Indian corporate houses are way behind the $50-million ceiling set by the Reserve Bank of India (RBI) for them to repurchase their foreign currency convertible bonds (FCCB) through internal accruals.

Investment banking experts say that finding a seller at the right price is a challenge before companies planning to repurchase their bonds.

“FCCB is not a highly liquid market,” said Sanjay Bhandarkar, Managing Director, N M Rothschild & Sons (India), a global investment banking firm. “Supply of people willing to sell the convertibles at the current low prices is less,” he said.

According to the Bombay Stock Exchange (BSE) data, only five companies have so far exercised the repurchase option since RBI approved such buybacks in December 2008. Mobile service provider Reliance Communications has re-purchased the maximum $35 million worth of FCCBs in two trenches.
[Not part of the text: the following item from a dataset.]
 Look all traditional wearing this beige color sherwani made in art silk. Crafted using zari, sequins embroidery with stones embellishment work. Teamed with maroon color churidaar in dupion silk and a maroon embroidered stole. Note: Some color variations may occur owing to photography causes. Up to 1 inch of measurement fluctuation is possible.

Delhi-based pharmaceutical company Jubilant Organosys has so far purchased the second-largest $11.1 million worth of such bonds. Besides, Radico Khaitan, Moser Baer and Mahindra & Mahindra have bought back $10 million, $4 million and $3.5 million worth of FCCBs respectively.

 

“Any buyback of high amounts would push the bond price, making the repurchase costlier,” said Sanjay Bansal, Managing Director of Ambit Corporate Finance.
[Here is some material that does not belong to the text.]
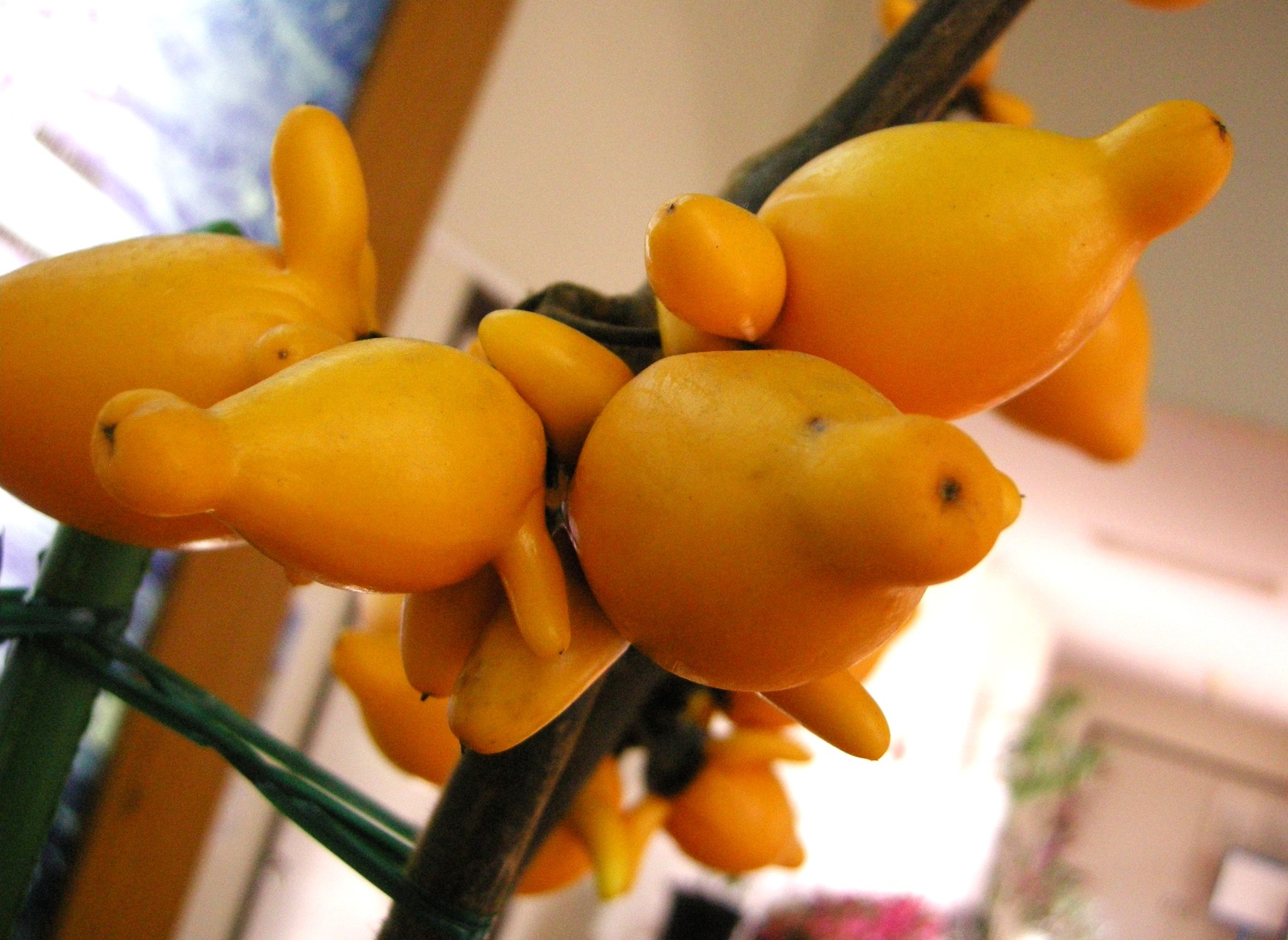 クリスマスの飾りつけが始まるころ、大きな黄色い不思議な形の果実が注目を集めます。英名はNipple fruit で、果実の上の突起を乳頭に見立てたものと言われています。

Companies’ requirement of cash for other business purposes in a period of economic slowdown could also pose a challenge to their high-value buyback ambition.

FCCBs are usually issued to banks, hedge funds or covert investors. They eventually resell it to other such buyers. Tracing a willing seller and negotiating for the right price is the challenge.
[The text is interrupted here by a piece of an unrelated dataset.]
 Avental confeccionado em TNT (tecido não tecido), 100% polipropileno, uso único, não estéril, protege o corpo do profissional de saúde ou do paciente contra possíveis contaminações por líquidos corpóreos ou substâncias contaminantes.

According to BSE announcements, there are 13 companies that have received the approval from their respective boards to buy back their convertible bonds. They are now in the process of searching a seller and negotiating the price. The apex bank has kept the window for the repurchase open till March 31.

According to an estimate, over 200 Indian firms have taken this route in around three years to raise funds. Companies expected bond-holders to convert them into equity. But with the downturn in the global equity market, these bonds are now priced much higher than a company’s stock price.

If not converted, companies would have to repay the debt at the time of maturity, which would increase the financial burden of the cash-strapped firms. This is the reason corporate houses want to buy their bonds back.